• **The problem**:
Only the lines from the one with "Longest Time Holding" through the end of the material are wanted, copied exactly and with the pictures left out.

• **Records for this exercise**:
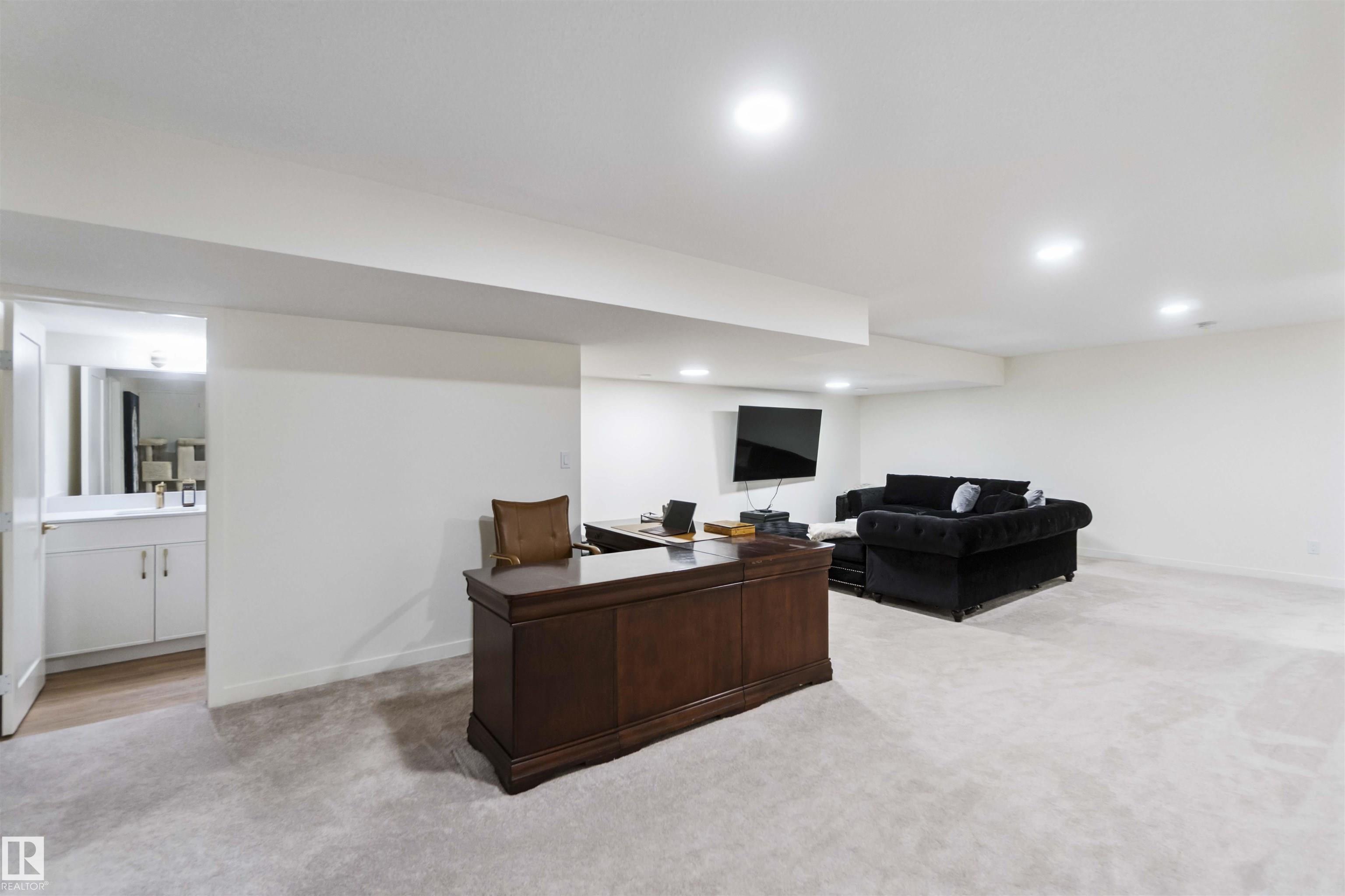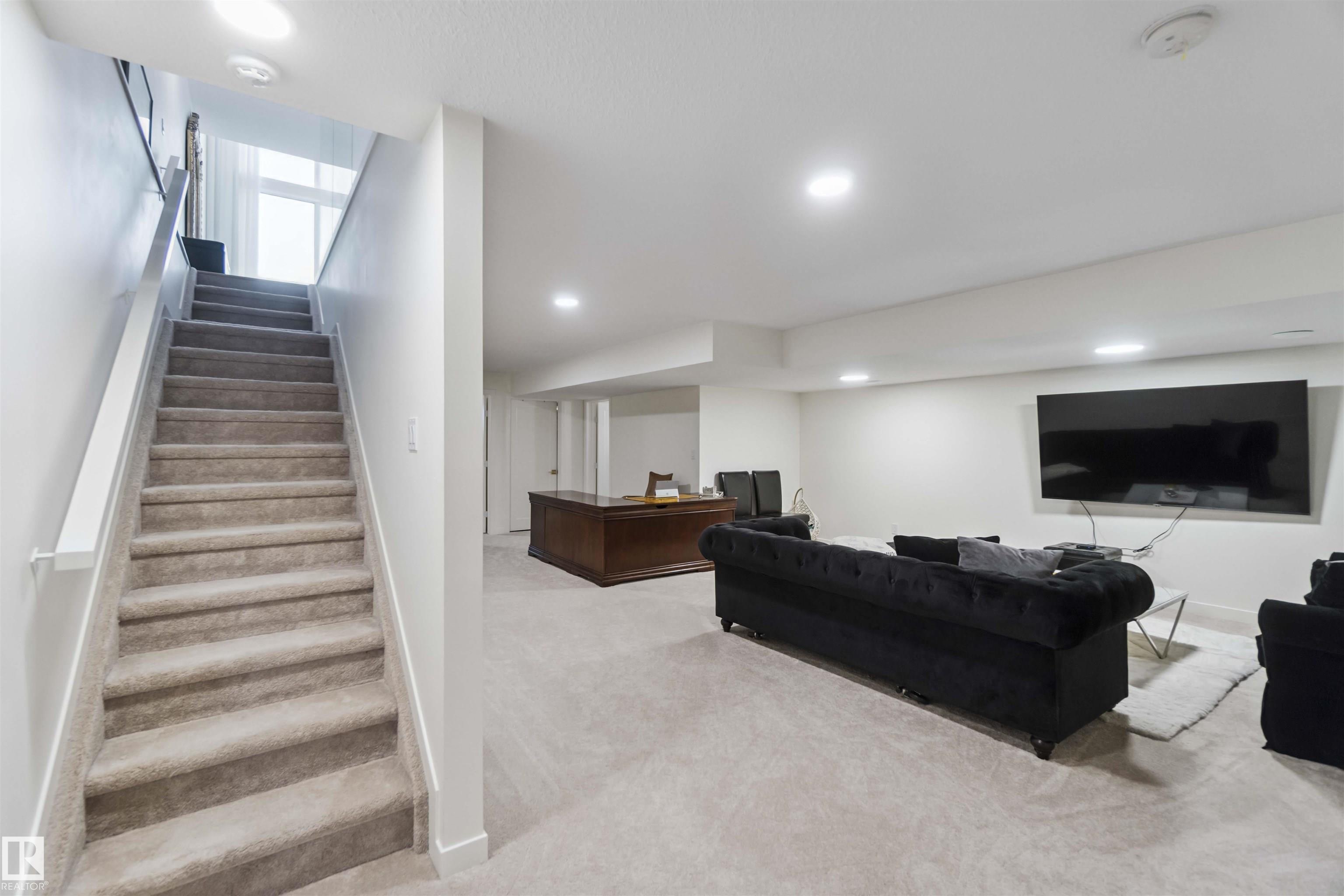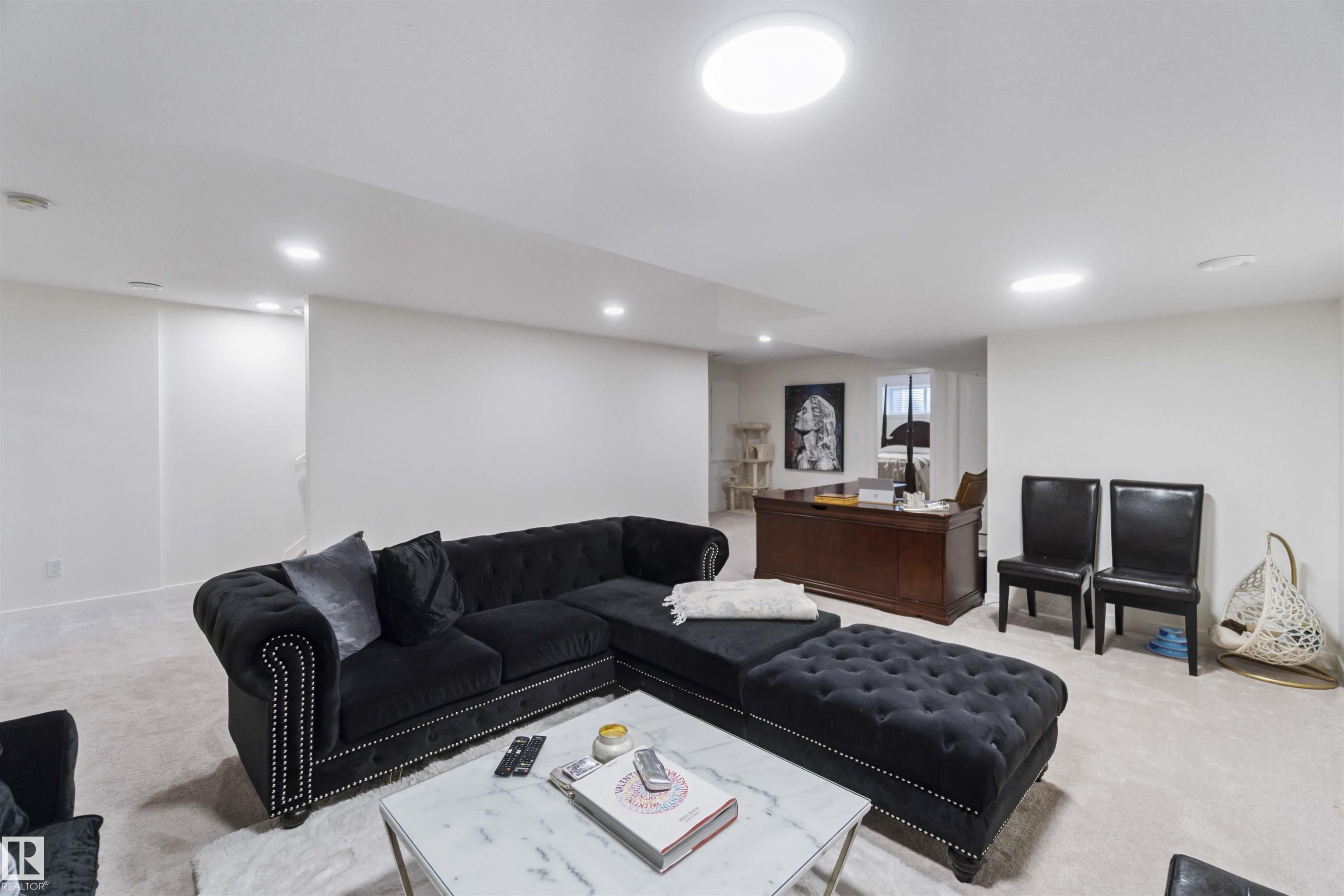 FULLY FINISHED BASEMENT! This modern 2-storey home by Cantiro is located in the sought-after community of Keswick! Offering 4 beds, 3.5 baths & over 3400 sqft of finished living space, this home is built for ENTERTAINING. The main level features a spacious dining area, a large pantry with built-in coffee bar, & a chef's DREAM kitchen equipped with stainless steel appliances, granite counters & crisp white cabinetry. Stylish LVP flooring & a soft neutral colour scheme enhance the design. A bright loft with open-to-below adds volume upstairs, along with 3 bedrooms including a spa-like 5pc ensuite & an additional full 4pc bath. Stay comfortable year-round with CENTRAL A/C. The fully finished basement includes a 4th bedroom & a 4pc bath. Enjoy low-maintenance outdoor living with artificial turf landscaping. The double attached garage includes a 220V EV charger and a sleek textured ceiling. Close to schools, trails, shopping, and quick access to Anthony Henday & Terwillegar. All this home needs is YOU!
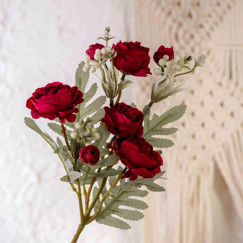 Ramură de trandafir pudrat, 56cm - Roșu
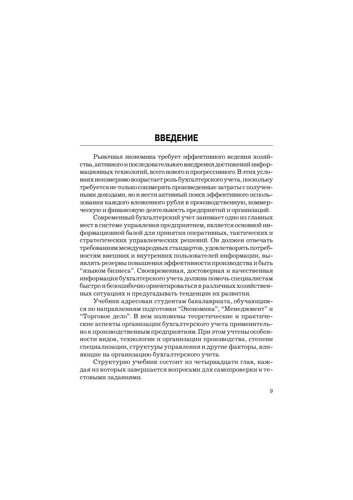 Учебник подготовлен в соответствии с Федеральным государственным образовательным стандартом высшего профессионального образования и соответствует всем современным требованиям подготовки кадров. В нем изложены теоретические основы и практические аспекты организации бухгалтерского учета применительно к производственным предприятиям. К несомненным достоинствам учебника можно отнести: обилие практических примеров, таблиц и схем, доступный и одновременно высокопрофессиональный язык изложения, проблемный характер рассмотрения учебных вопросов, что ориентирует студентов на принятие различных управленческих решений в процессе обучения. Для студентов бакалавриата, обучающихся по направлениям подготовки «Экономика», «Менеджмент» и «Торговое дело», а также преподавателей, научных работников и бухгалтеров-практиков.
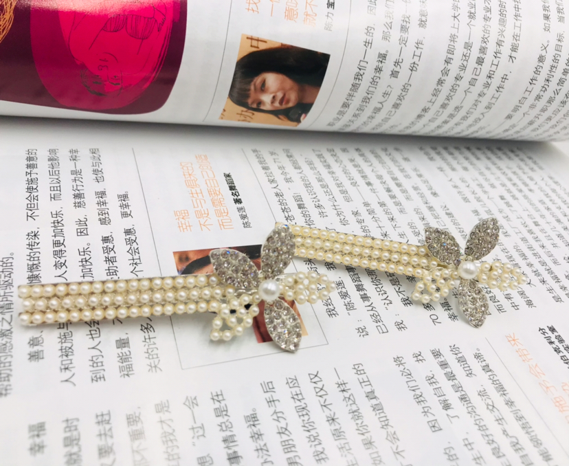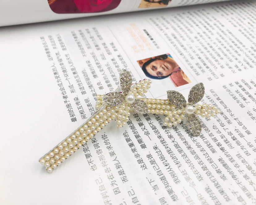 合金新款钻压夹珍珠造型夹子花瓣花夹发卡刘海侧边夹头饰发饰
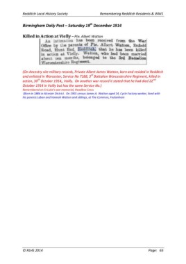 (On Ancestry site military records, Private Albert James Watton, born and resided in Redditch
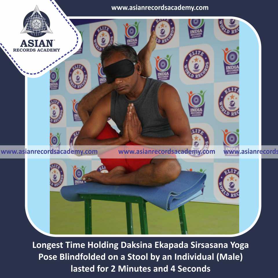 Longest Time Holding Daksina Ekapada Sirsasana Yoga Pose Blindfolded on a Stool by an Individual (Male)
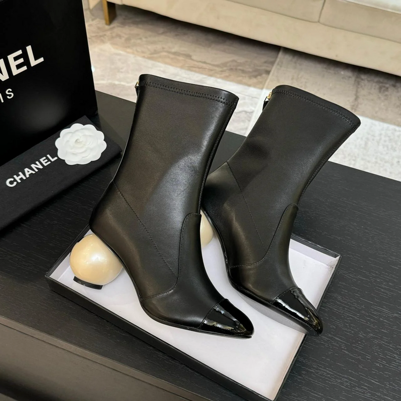 جزمة كعب CHANEL - اسود

• **Problem solution**:
 Longest Time Holding Daksina Ekapada Sirsasana Yoga Pose Blindfolded on a Stool by an Individual (Male)
 جزمة كعب CHANEL - اسود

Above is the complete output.